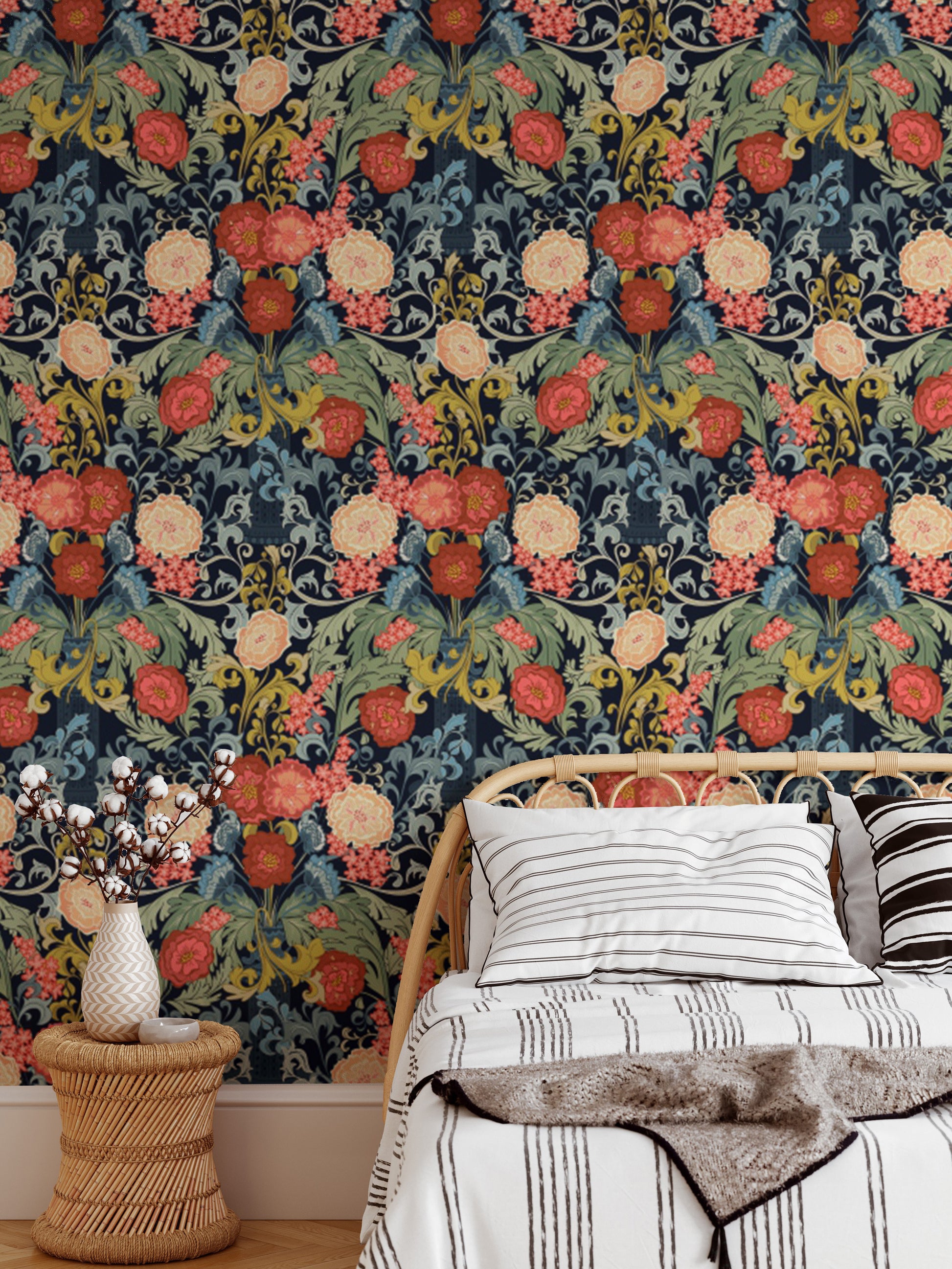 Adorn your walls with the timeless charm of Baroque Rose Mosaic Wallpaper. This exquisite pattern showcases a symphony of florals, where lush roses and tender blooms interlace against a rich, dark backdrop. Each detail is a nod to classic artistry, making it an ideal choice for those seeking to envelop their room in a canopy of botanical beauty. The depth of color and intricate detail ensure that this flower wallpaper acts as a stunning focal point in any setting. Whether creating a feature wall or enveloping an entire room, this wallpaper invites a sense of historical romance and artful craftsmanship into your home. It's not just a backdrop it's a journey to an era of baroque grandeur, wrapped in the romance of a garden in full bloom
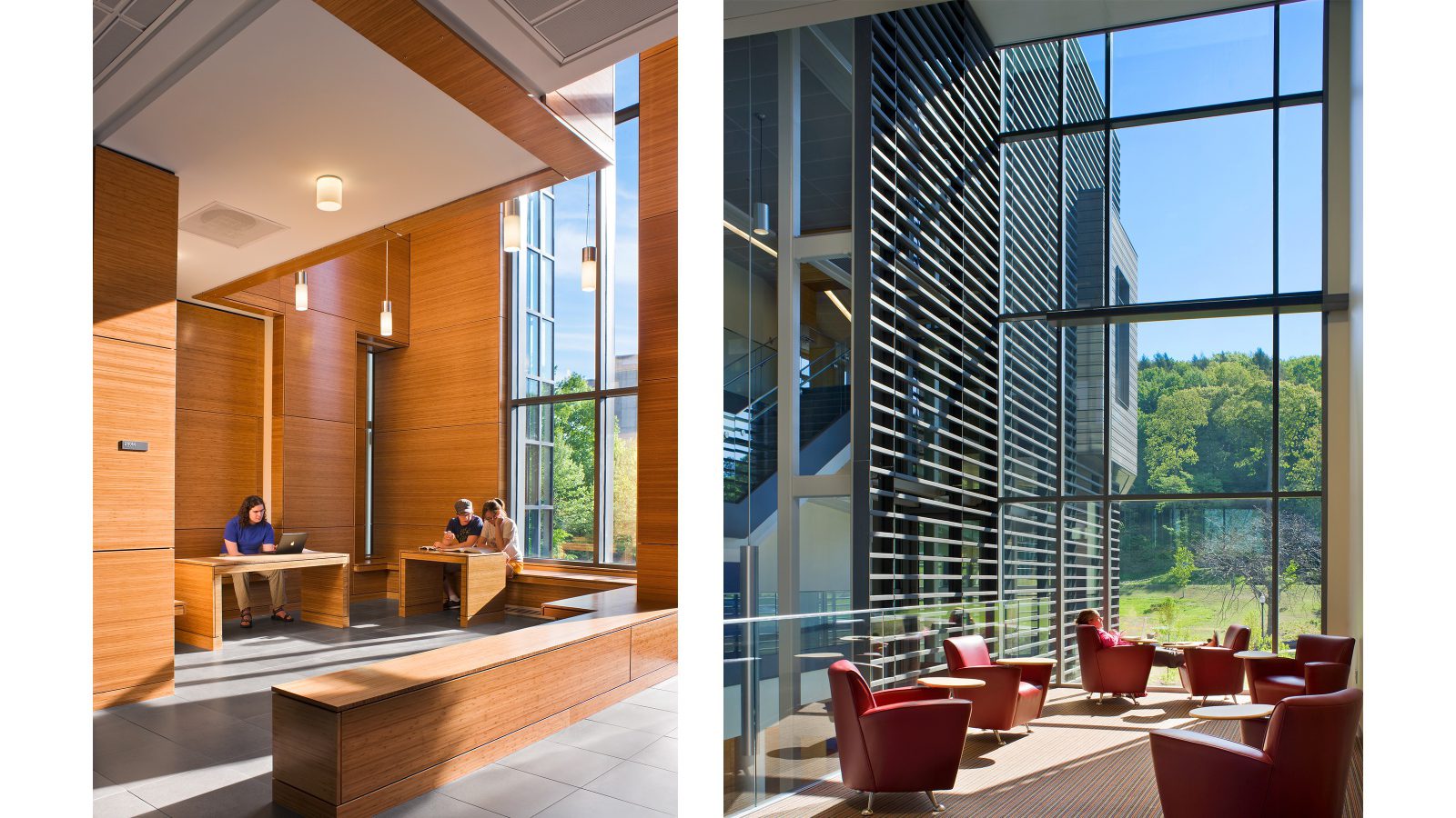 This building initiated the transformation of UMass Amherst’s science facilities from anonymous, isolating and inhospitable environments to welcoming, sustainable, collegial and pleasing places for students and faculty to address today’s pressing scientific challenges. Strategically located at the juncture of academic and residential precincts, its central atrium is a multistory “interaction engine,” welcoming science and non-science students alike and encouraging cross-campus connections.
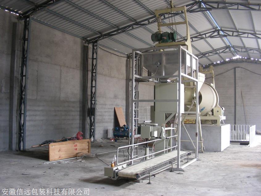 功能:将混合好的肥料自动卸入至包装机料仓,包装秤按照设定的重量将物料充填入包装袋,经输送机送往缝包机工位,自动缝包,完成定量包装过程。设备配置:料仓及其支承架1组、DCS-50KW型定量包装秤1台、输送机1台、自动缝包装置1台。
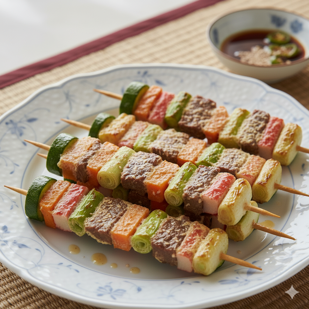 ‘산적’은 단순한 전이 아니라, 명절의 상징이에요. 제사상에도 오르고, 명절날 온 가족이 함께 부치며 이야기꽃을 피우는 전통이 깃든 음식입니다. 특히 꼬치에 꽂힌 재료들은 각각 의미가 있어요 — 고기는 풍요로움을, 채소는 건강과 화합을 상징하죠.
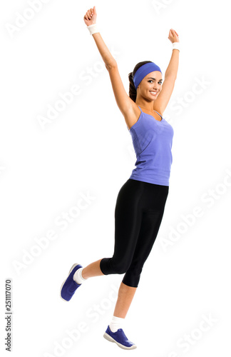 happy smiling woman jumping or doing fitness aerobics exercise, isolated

— What the exercise asks —
Output all the entries above verbatim, please. No images.

— Task result —
 Adorn your walls with the timeless charm of Baroque Rose Mosaic Wallpaper. This exquisite pattern showcases a symphony of florals, where lush roses and tender blooms interlace against a rich, dark backdrop. Each detail is a nod to classic artistry, making it an ideal choice for those seeking to envelop their room in a canopy of botanical beauty. The depth of color and intricate detail ensure that this flower wallpaper acts as a stunning focal point in any setting. Whether creating a feature wall or enveloping an entire room, this wallpaper invites a sense of historical romance and artful craftsmanship into your home. It's not just a backdrop it's a journey to an era of baroque grandeur, wrapped in the romance of a garden in full bloom
 This building initiated the transformation of UMass Amherst’s science facilities from anonymous, isolating and inhospitable environments to welcoming, sustainable, collegial and pleasing places for students and faculty to address today’s pressing scientific challenges. Strategically located at the juncture of academic and residential precincts, its central atrium is a multistory “interaction engine,” welcoming science and non-science students alike and encouraging cross-campus connections.
 功能:将混合好的肥料自动卸入至包装机料仓,包装秤按照设定的重量将物料充填入包装袋,经输送机送往缝包机工位,自动缝包,完成定量包装过程。设备配置:料仓及其支承架1组、DCS-50KW型定量包装秤1台、输送机1台、自动缝包装置1台。
 ‘산적’은 단순한 전이 아니라, 명절의 상징이에요. 제사상에도 오르고, 명절날 온 가족이 함께 부치며 이야기꽃을 피우는 전통이 깃든 음식입니다. 특히 꼬치에 꽂힌 재료들은 각각 의미가 있어요 — 고기는 풍요로움을, 채소는 건강과 화합을 상징하죠.
 happy smiling woman jumping or doing fitness aerobics exercise, isolated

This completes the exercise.